# Aerial + Sky Radio Channels?



## gadg (Feb 19, 2002)

Hi
I've always used TiVo's RF aerial input to record from the terrestrial channels (so as to free up the digibox) - but after reconfiguring this week to receive the Sky radio channels platform I can no longer do this. 

Am I right in assuming it's either Sky with aerial, or Sky with Sky radio - never all three?

Thanks
David


----------



## OzSat (Feb 15, 2001)

If is Sky Digital (tv) and another other single platform.


----------



## blindlemon (May 12, 2002)

Assuming the radio channels you record are also on Freeview, then you could get a Freeview box. 

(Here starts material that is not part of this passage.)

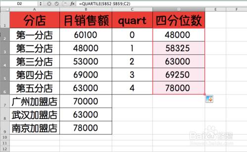 计算四分位数,比如1~100的数字中,25分位就是按从小到大排列,在25%位置的数字,即25。参数0代表最小值,参数4代表最大值,1~3对应25、50(中位数)、75分位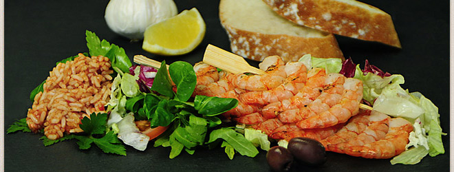 Mit gegrillten Scampis, in einer Tomaten- Knoblauchsoße und frischer Petersilie

That way you could record radio and all shared-platform TV from Freeview, leaving the Sky digibox free for channel-flipping. You'd only get mono radio though, and the Freeview box picture via RF would be worse than Sky (but still probably better than analogue)...


----------



## gadg (Feb 19, 2002)

Thanks, blindlemon.
Unfortunataly, we don't have Freeview reception here. I was hoping that I could still use TiVo's inbuilt analogue tuner as a third source, but I guess not.

David


----------



## blindlemon (May 12, 2002)

You say you don't have Freeview reception - is that according to the postcode checker, or have you actually tried it? 

The checker is very conservative in its estimate of who can or can't get freeview - and I've known of a case near me where it said that one postcode could get Freeview but the adjoining postcode (just a few yards down the street) couldn't! Needless to say, when my friend in the "no Freeview" postcode tried it, it worked just fine. 

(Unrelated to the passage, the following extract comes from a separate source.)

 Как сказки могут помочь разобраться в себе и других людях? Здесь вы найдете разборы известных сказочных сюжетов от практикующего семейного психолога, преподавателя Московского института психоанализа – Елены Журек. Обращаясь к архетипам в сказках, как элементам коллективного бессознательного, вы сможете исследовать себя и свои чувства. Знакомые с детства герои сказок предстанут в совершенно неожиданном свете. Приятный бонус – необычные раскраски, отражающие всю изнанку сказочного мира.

You can get an STB for around £35 from many places, including supermarkets - and if you buy from somewhere like Sainsburys they will give you a refund with no questions asked if you take it back within a reasonable period.


----------



## gadg (Feb 19, 2002)

No, we definitely can't get it. All our aerials look at the Whardefale transmitter, which won't carry Freeview until the analogue switch-off. It applies to the whole district. 
Same happened when C4 launched in '82 - it was two years before we saw it.


----------